10 Essentials for surviving a zombie apocalypse  (

Mayans Unfazed about the end of the world (

Some end of the world predictions that didn’t come true  (

Tin-foil Hats Will Save You From Mayan Doomsday (

Author: Strawberryindigo

A starry-eyed dreamer and adventurer of the imagination. I am a feisty Aspie exploding with colorfully creative energies.

33 thoughts on “It’s the end of the world and I feel fine!”

  1. Refreshingly brilliant. But you made this old hermit fall on the floor laughing and my poor dog panicked thinking I was dying before she’d been fed.


    1. Thanks Caimbeul: I guess it wouldn’t have been funny if the world DID end, at least before your dog was fed…that would have screwed the pooch allright. 😉 Seriously, I’m glad it made you laugh.


  2. 10pm Jan 9, 2013 and we are still here. Too funny. Mayans are gone but our blogging will live on forever. Have you ever Google your promps? It’s in there. I just checked out mine. That’s scary.


    1. Hi Seeker: It’s strange what lives on in cyberspace. Yes, I have googled my cyberfootprint. It makes for interesting viewing, I expect everything I do online to linger around and I don’t say anything I wouldn’t want to come back at me later. All anyone will be able to say about me later will be that I may be a little nutty but my heart is in the right place.


  3. Thank God we are still here! 😆
    ¸.•*¨*•.♪♫♫♪ 😆 Happy Holidays to You & Yours! 😆 .♪♫•*¨*•.¸¸ ♥
    ˜”*°•.˜”*°•.˜”*°•.★★.•°*”˜.•°*”˜.•°*”˜” ♥ ˜”*°•.˜”*°•.˜”*°•.★★.•°*”˜.•°*”˜.•°*”˜”


  4. I was planning on vacuuming my house so it would look nice for the end of the world but then I ran out of time. Now that it is the next day, and I apparently have more time, I guess I should drag that vacuum out and run it around the house. Not that I am complaining…


    1. Hey Shoes: Isn’t that always the way? I was secretly hoping I’d get out of that all too time consuming housework that we women get stuck with… 😉 Are you ready for Christmas? I”m always going until the last minute–I never learn, oh well…


  5. I’m hoping it was a bad translation and it should have been the end of an era. I haven’t liked this one so much! Perhaps it will bring in self-cleaning fridges and self-baking cookies?

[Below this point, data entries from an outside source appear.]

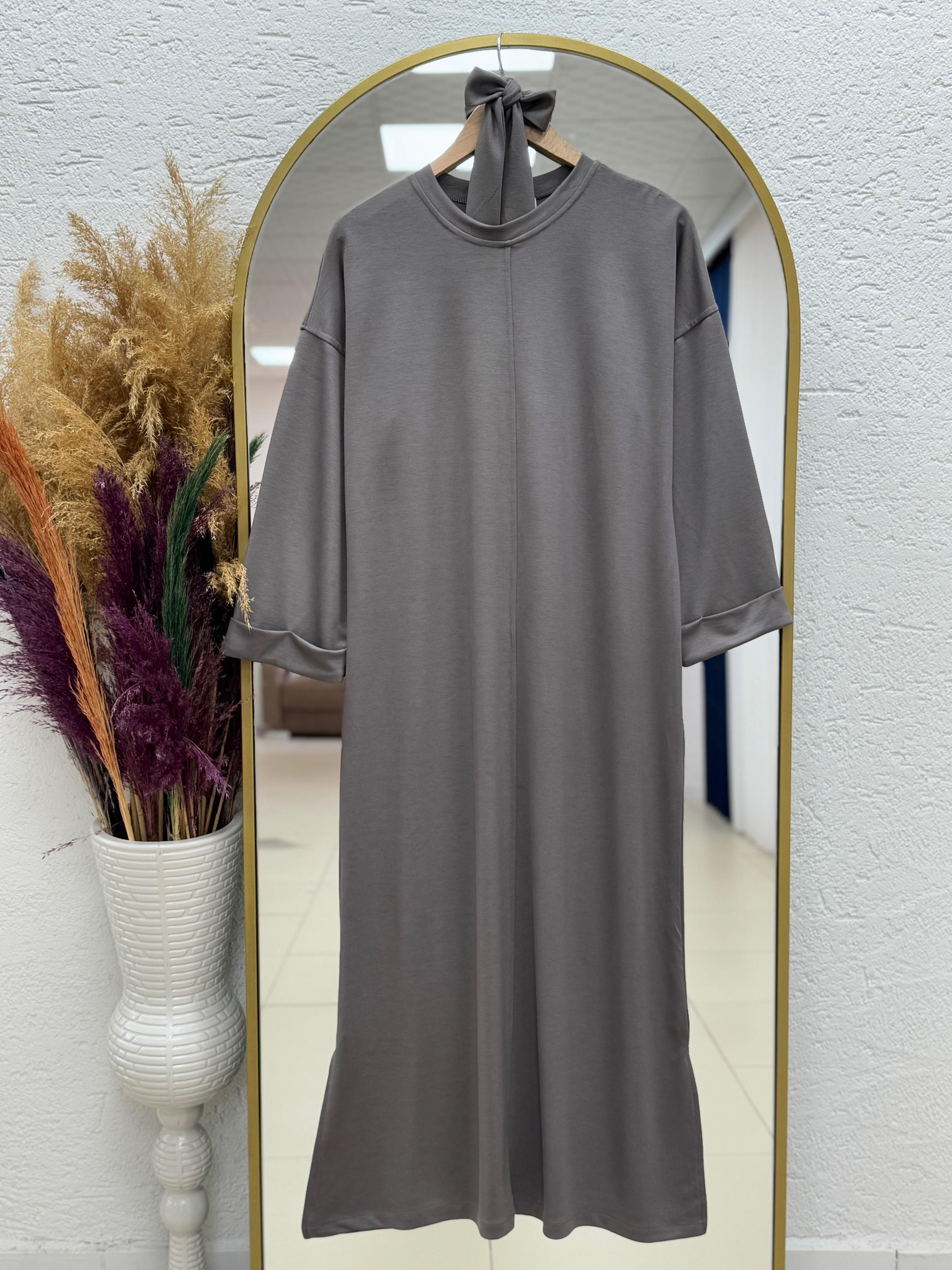 Camonia Kol Ucu Ve Önü Dikiş Detay Elbise-NA2409 Gri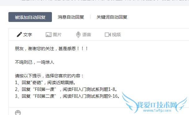 特别是我们需要去找大号带的时候,我们特别需要注意的环节就是我们自动回复的引导,这个我们可以参考其他大号的回复模式来做。因为这些粉丝都是从其他大号里面引导来的,在那些大号里面他们已经习惯了那些自动回复。如果说来到你的公众号,新关注以后没有什么回复,只是一个感谢的话,那么他是对你没有什么兴趣的。因为我们粉丝不是每个人都和我们一样,对于公众号的许多性能都不是很了解,那么久需要我们去引导了。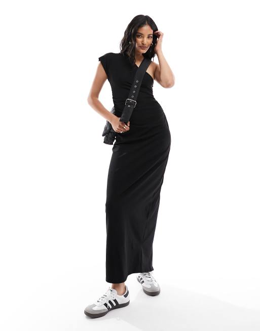 ASOS DESIGN - Sort oneshoulder-kjole med rynker i siden i midaxilængde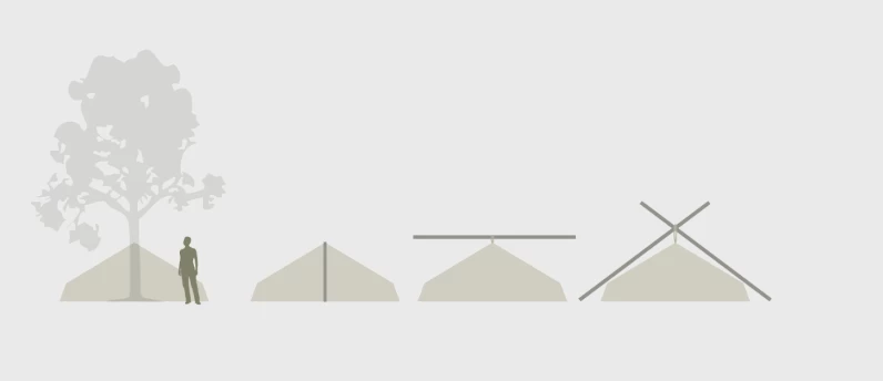 - Suspendue à deux arbres grâce aux sangles situés sur le haut de l’abri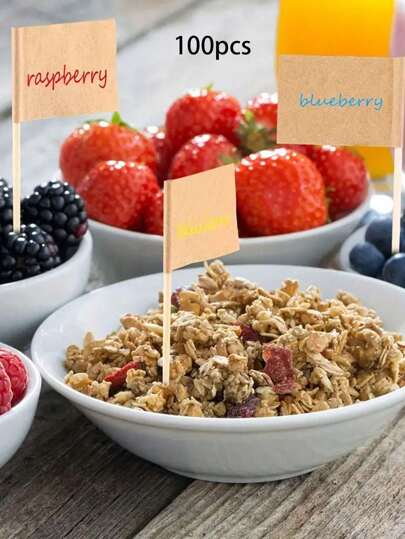 Aproximadamente 100 Unids/pack, Decoración De Comida Para Fiestas, Palillos De Dientes, Banderas, Incluyendo Frutas, Pasteles, Hamburguesas, Banderas De Cóctel Con Tarjetas De Etiquetas - Marrón - Añade 5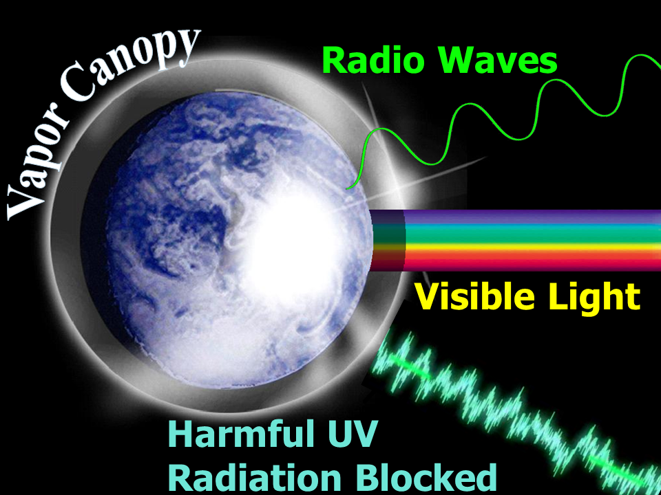 The water vapor canopy hypothesis would neatly explain yet another observed anomaly…too much water in Earth’s upper atmosphere. NASA satellites have confirmed far more hydroxyl in the hydrosphere than current models predict. The parent molecule of hydroxyl (OH) is water (H2O). Because ultraviolet radiation from the sun breaks down water in Earth’s upper atmosphere into hydroxyl and hydrogen, a large amount of water must have previously existed. Some have proposed a constant influx of mini-comets as a source for the mysterious water, but that theory has been strongly criticized as unworkable. (Matthews, Robert, New Scientist, July, 1997, pp. 26-27.)

  6. LOL! You are so funny Strawberryindigo! I’ve been giggling all through this post…. my dogs have been giving me funny looks! Only 4 1/2 hours to go here, and then If I’m still here I’m going to look up when the next End-of-the-world Day is scheduled….


  7. I can hardly type for laughing. This one should definitely go to your community newspaper for publication!!!! The world didn’t end here either, so now I guess I really will have to do Christmas shopping. Darn. Despite the shopping that now must be done, I am glad we get to stick around together for a while longer.